Green technology is currently one of the most important issues in all fields because it attempts to protect the environment and reduce the negative effects of human activity. The adoption of novel green solvents is the most critical issue, and deep eutectic solvents (DESs) have grown in popularity due to their strong association with ionic liquids (IL). Due to their unique properties, such as ease of synthesis, renewable resources, and low-cost raw materials, DESs have attracted significant scientific and industrial interest [1].

Ionic liquids are salts that are liquid at or near room temperature and are composed of organic cations and of inorganic or organic anions. They have several distinct properties that make them appealing for a variety of applications, including a low vapor pressure, high ionic conductivity, non-flammability, recyclability, catalytic activity, and chemical stability [2,3,4]. However, there are some disadvantages associated with the use of ionic liquids. One significant issue is that they are frequently non-biodegradable, which means that they can persist in the environment for an extended period of time. Furthermore, many ionic liquids have a high thermal stability, making them difficult to degrade or recycle. Finally, some ionic liquids are toxic to humans or the environment, so they must be handled with caution [5]. Given the drawbacks of IL, it is recommended to use DES systems formed by combining two types of compounds based on other liquid solvent systems [6]. DESs have the following advantages: a thermal and chemical stability, low vapor pressure, high dissolution rate, non-flammability, adaptability, and low melting point. Furthermore, DESs can be produced in a straightforward and cost-effective manner by combining and heating natural and/or widely available substances. As a result, DESs are less expensive, often biodegradable and water-neutral, and possess low or non-toxic characteristics [7]. In general, DESs are composed of hydrogen bond donors (HBD), such as amines, amides, carboxylic acids, polyols, and quaternary ammonium salts [8,9]. Choline chloride (ChCL) is a common ingredient in the manufacture of dietary supplements. It is inexpensive, biodegradable, and non-toxic. ChCL may be used in all species without restriction, according to Council Directive 70/524/EEC [10]. DESs are used in a variety of processes, including synthesis, electrochemistry, metal-catalyzed organic reactions, fossil fuels, nanomaterials, fermentation, biochemistry, separation, bio-industrial chemistry, and the processing and analysis of lignocellulosic biomass. DES research has grown significantly in recent years [11,12,13,14,15,16,17].
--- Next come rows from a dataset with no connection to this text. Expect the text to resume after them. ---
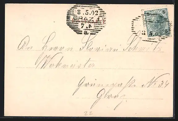 alte Ansichtskarte, gelaufen 1902, Stempelspur, guter Zustand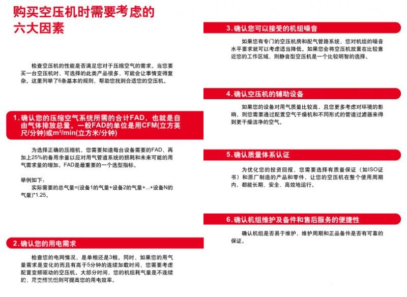 上海統(tǒng)將專(zhuān)業(yè)的工程師就從六大因素介紹下空壓機(jī)選購(gòu)的基本要素,給企業(yè)用戶提供一些參考。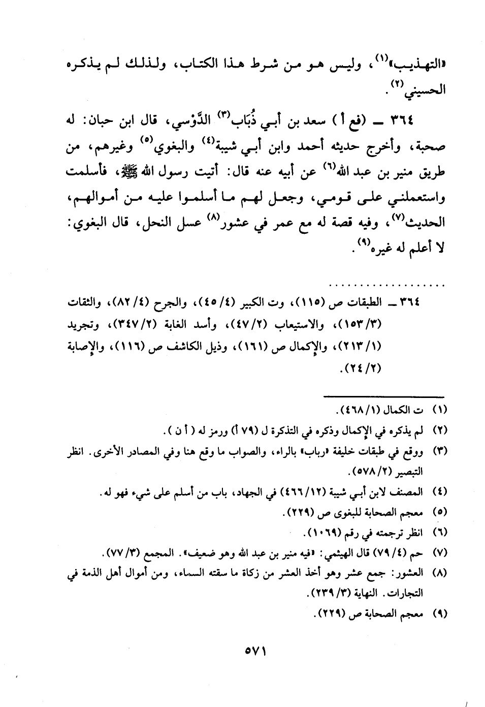 فِي التَّهْذِيب وَلَيْسَ هُوَ من شَرط هَذَا الْكتاب وَلذَلِك لم يذكرهُ الْحُسَيْنِي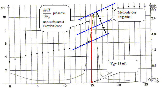 Equation de la réaction support du dosage : R-COOH(aq) + HO-(aq) = R-COO-(aq) + H2O. Volume équivalent VE de ce dosage :
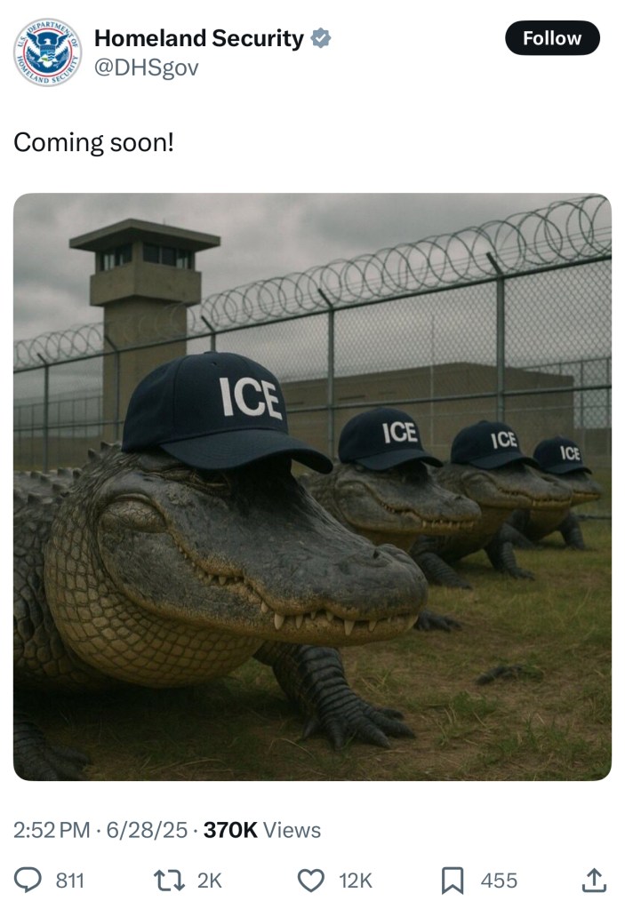After Ron DeSantis and his attorney general introduced the plan for Alligator Alcatraz, the federal government tweeted out an image of alligators wearing ICE hats. This horrifying imagery is chilling, and promotes the idea that Floridians support the idea of feeding migrants to alligators.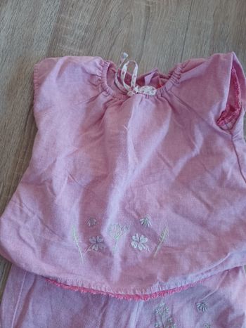 Ensemble été (salopette short+tee shirt manches courtes) 100% coton lapin+cœur Fille 6 mois Tissaia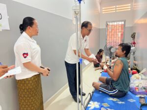 (កំពង់ធំ)÷ លោកជំទាវ លំ គន្ធារី អនុប្រធានអចិន្ត្រៃយ៍គណៈកម្មាធិការសាខាកាកបាទក្រហមកម្ពុជា ខេត្តកំពង់ធំ តំណាងឯកឧត្តម នួន ផារ័ត្ន ប្រធានគណៈកម្មាធិការសាខា លោក កែវ ផល នាយកសាខា និងមន្ត្រីក្រុមប្រតិបត្តិ បានចុះសួរសុខទុក្ខ វីរកងទ័ពជួរមុខរងរបួសចំនួន១៤នាក់ ដែលទើបបញ្ជូនមកថ្មីសម្រាកព្យាបាលនៅមន្ទីរពេទ្យខេត្តកំពង់ធំ នាថ្ងៃទី០៧ ខែមករា ឆ្នាំ២០២៦ ។

Some reviews of the treatment of lignocellulosic materials with DESs are available [18,19,20]. These studies, however, concentrated on cellulose delignification, isolation, modification [21,22,23,24,25] and lignin extraction [26,27,28]. Many specific characteristics of DESs are required for their industrial utilization. The biodegradation and ecotoxic effects of DES solvents used in green technology processes are not fully understood. Therefore, DESs must be thoroughly and critically evaluated before they can be mass-produced on a large scale. The available data on the biomaterial toxicity of DES constituents support the assumption that DESs are safe. However, the possibility of DESs having a synergistic effect with the substance used is not considered. DESs excel in a wide range of applications. Significantly, their wider industrial application is still very limited due to a lack of data on their corrosivity, biodegradability, and toxicity.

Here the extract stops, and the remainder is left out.